# Marineland C220 Canister Filter



## Chickadee (Nov 15, 2008)

I will have to say that this filter is one of the easiest and most efficient filters I have seen. 

It comes with an introductory instructional DVD that clearly explains the set up and maintenance processes and leaves no room for confusion other than one little glitch when it mentions a tube of lubricant that is not actually a part of the box contents and not needed at all.

I will have to say that I was taken aback when I read the customer reviews on Petsmart and they mentioned a leaking problem with the larger canister filter but this one has caused me no difficulties once I got the hose tightened properly. The four canister baskets and the media involved do a wonderful job of keeping the tank filtered to perfection and my fish are happy.

The only con that I will mention is that I do wish that the flow was more easily and generally adjusted. So far the only way is the baffle on the outlet and it leaves something to be desired as the flow is still quite strong but as I do not house fish who mind it and seem to love the stronger flow in that tank, I will not make a big deal out of it.

Priming of this canister filter is a dream process though as there is a button on the top of the motor housing that you pump a few times and the priming is done, much different than any other I have seen. This in itself makes the purchase worth it. 

And as I have said during other posts, the Marineland name means a lot to me as I am a terrific fan of their quality and their customer service if it is needed.


----------



## Oldman (May 25, 2009)

I have one of those filters and find that it filters well and does not leak at all. After I used that funny lift and twist shutoff a few times, it quit sealing properly so now I find that I need to tie the hoses up at the water level whenever the filter is not connected and running. Otherwise I get to drain the tank through the shutoff valves.


----------



## Chickadee (Nov 15, 2008)

I have a small box that sits at a higher level that the surface of the water and put the motor housing in it when I remove it after sitting it in an ice cream bucket (4 quart size) and it works fine and does not drain then. For some reason the shut off has never worked on any of the canisters that I have had so I just never expected them to. It is just routine for me and I rarely lose more than about 3 or 4 tablespoons of water.

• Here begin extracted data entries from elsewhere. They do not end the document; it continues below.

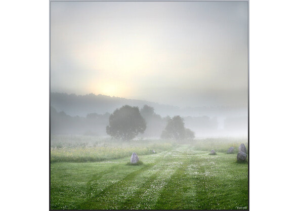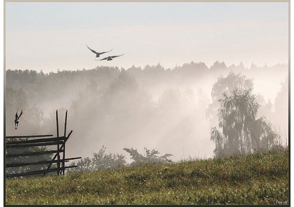 Погасла алая заря.Туман покосы застилает.Огромным диском выплываетЛуна в оттенках янтаря.В её оранжевых тонахНетопыри, как тени ада.И леса темная громадаНаводит оторопь и страх.В росе, в тревожных светлякахВсе в белом девы возникают.Они деревню огибаютИ исчезают в ивняках.Заснять бы их анфас и в профиль.Но знают бабы с неких пор,Что это тени трех сестер,Погибших летось в катастрофе.
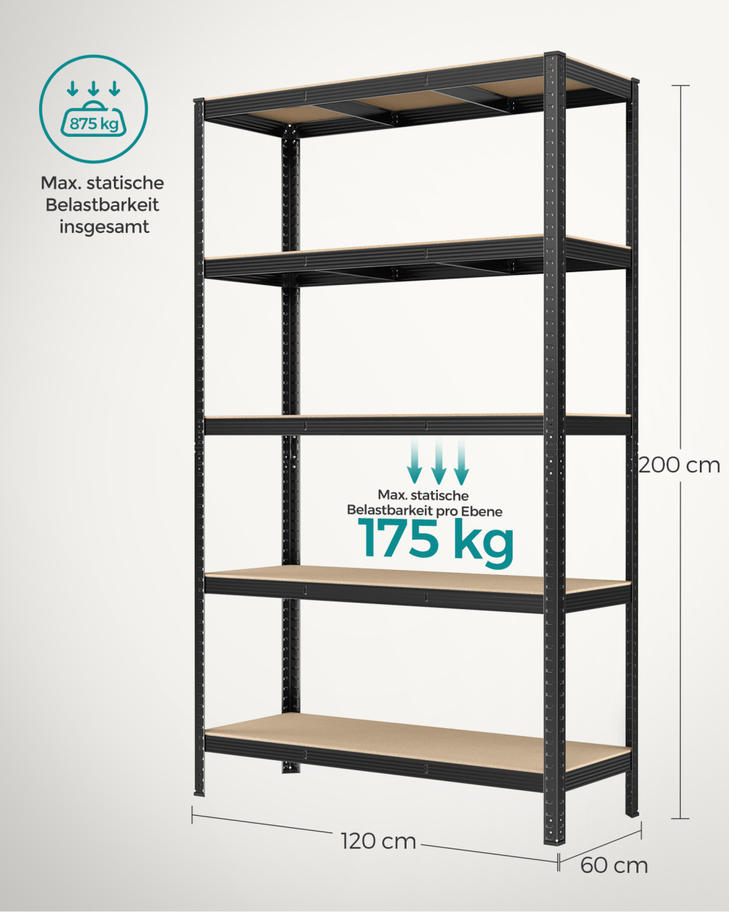 • Extrém teherbírás: 875 kg összterhelhetőség, polconként 175 kg
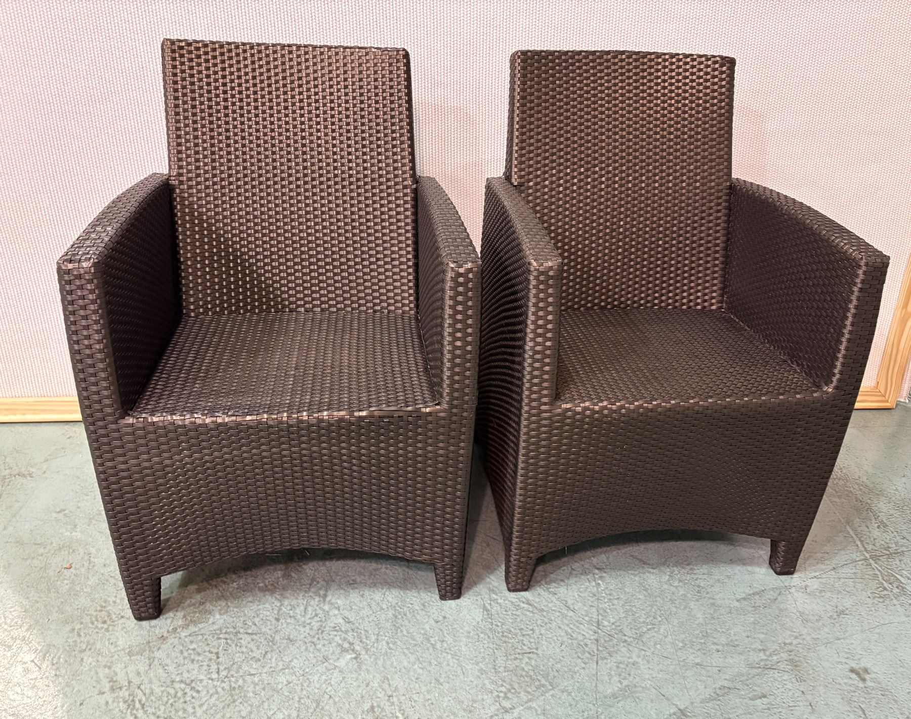 This is for a pair of JANUS et Cie chairs with washable seat cushions. While cosmetic wear varies from piece to piece, all items are structurally sound and were in active use at a Four Seasons Resort until removal. The photos shown are representative stock photos; actual pieces may show different levels of surface wear, but will be close to what's shows in these photos. Examples of types of wear are shown in the last 4 images.

The day I wrote this review there was a tiny drip of water coming from the valve block of the filter and I thought "Oh brother" but I got on the phone with Marineland and yesterday I received a new valve block. Fast service, huh? I am so happy that I went with this filter.

Rose


----------



## gypsyfla (May 15, 2008)

We have 2 of these filters and just LOVE them so easy and no leaks here.


----------



## kwkoonce (Jun 23, 2010)

Terrible filter. Impeller quit working twice. First time, company sent a new impeller, but it took two weeks so I had to buy another filter to keep my tank clean and the fish alive. Second impeller quit working periodically, once during a vacation. Also, the shut-off valve never worked and I had to put the canister into a bucket as it drained water from the tank during cleaning. I tossed the canister into the trash and bought a Penn Plax canister, which has worked flawlessly so far.


----------